Ironically I just saw a great one on the road: SNO CHIC

I was turning at the same time she was on route 100, she was kind of cute but her licence plate made her that much sweeter.  imagine what a girl with a licence plate like that is like? probably pretty awesome.


----------



## ga2ski (May 13, 2006)

I'm too cheap to get a vanity plate . . . the cost of the plate is half a day ticket or almost as much as the ticket to jay with another resort's seasons pass.


----------



## ALLSKIING (Jul 18, 2007)

Bump


----------



## Grassi21 (Jul 18, 2007)

ALLSKIING said:


> Bump



Bump, now that would make a great vanity plate.


----------



## SIKSKIER (Jul 18, 2007)

A couple of freinds have:
OH2SKI
SKIBUM
POWDAH
I've been trying to get that SKI ICE in NH as well as LIVE2SKI


----------



## andyzee (Jul 18, 2007)

I'm Polish and two of my considerations were: POLE SKI and SKI POLE


----------



## djspookman (Jul 19, 2007)

at the Smuggs parking lot # 1 most weekends... simple and says it all, 

SKI


----------



## sledhaulingmedic (Jul 19, 2007)




----------



## eastcoastpowderhound (Jul 19, 2007)

I used to have SKI-BUM on a motorcycle plate...now the Mrs has my motorcycle on her left ring finger.


----------



## smootharc (Jul 20, 2007)

*"SKI VT 1" is my plate*

Someone else in NY state had just "SKI VT"
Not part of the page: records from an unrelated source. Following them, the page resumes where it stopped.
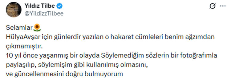 İddiaların gerçeği yansıtmadığını ifade eden Yıldız Tilbe; "Selamlar, Hülya Avşar için günlerdir yazılan o hakaret cümleleri benim ağzımdan çıkmamıştır. 10 yıl önce yaşanmış bir olayda söylemediğim sözlerin bir fotoğrafımla birlikte paylaşılıp, söylemişim gibi kullanılması ve güncellenmesini doğru bulmuyorum" dedi.
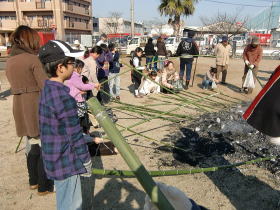 | 1月12日(土)、名の内公園にて1・5町内の「どんどや」が行われました。 今年は年明けから例年にない寒い日が続いていましたが、当日は朝から青い空が 広がり暖かい日差しが降り注ぐ絶好のどんどや日和となりました。 午前7時半に消防団の皆さんが竹の切り出しに出発。8時半頃から自治会の 方々や各役員の皆さんが公園の準備を開始。 事前に準備された餅焼き用の竹は手際よく整えられ針金を取り付けて下さいま した。テント、テーブル、イス等が会場に持ち込まれ準備ができた頃、竹を積ん だトラックが到着。 沢山の竹はみるみるうちに組み立てられ、約10メートルの立派なやぐらが完 成しました。 米村自治会長のご挨拶の後、10時過ぎに小学生2人により点火。 火は白煙を上げて燃え上がりやがて「パーン」という音が響き渡ると、集まった 多くの人達が歓声を上げると共に今年の無病息災を祈願していました。 その後テントでは子ども会が準備したぜんざいが振舞われ、燠き火の方では 子ども達が真っ赤な顔をして楽しそうにお餅を焼き、それぞれに喜んでいただき ました。 今年も自治会、消防団を始め多くの方のご協力により、無事に「どんどや」を 行うことができました。 私達は今後も、多くの人々が絆を深め、又 子ども達が 楽しみにしているこの伝統行事を末永く引き継がなければと思います。 (1町内子ども会 会長 米満早苗 )
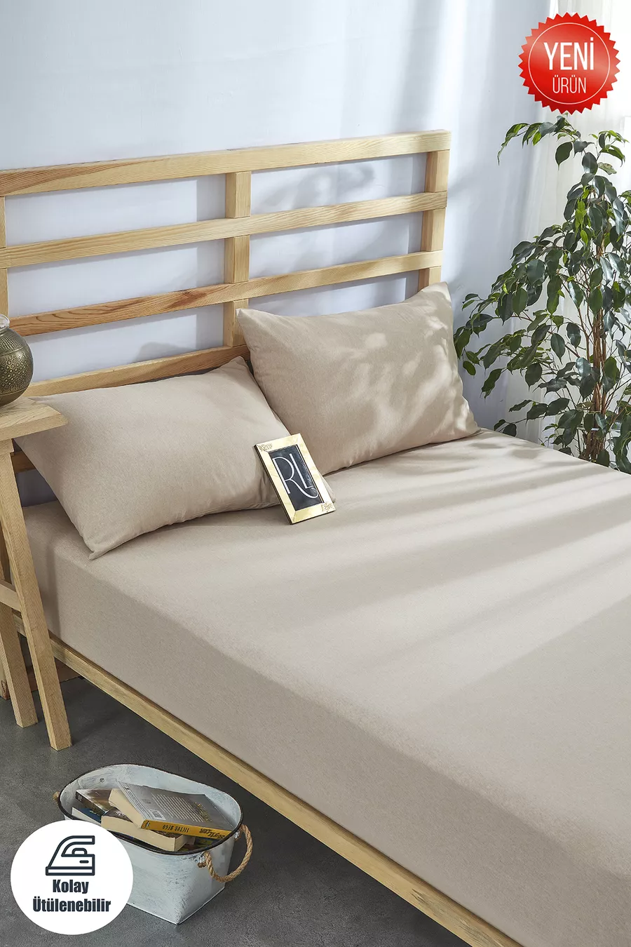Комплект чаршафи с ластик Капучино Едноцветен Памучен с калъфки за възглавници Едноличен-Двоен-Голям

Tried and failed on all variations of Powder, Tree, Glade, etc.  Lots of skiers like to fly their colors on their plates !


----------



## Terry (Jul 20, 2007)

A customer of mine has GOTASKI on her plate from Maine.


----------



## bill2ski (Jul 20, 2007)

Vanity plate's = diposable income 
 Both items I have yet to aquire.
Last winter I saw a Vermont Plate that read " DoUski "


----------



## Jonni (Jul 22, 2007)

I have JOUR on mine, which has nothing to do with skiing, but I like it (it's also a long story as to what it means). Though I have seen I+SKI and SKITRP in the Mt. Sunapee parking lot before.


----------



## threecy (Jul 22, 2007)




----------



## big_vert (Jul 22, 2007)

I only have a license plate surround that says - The Lengend - Arapahoe Basin.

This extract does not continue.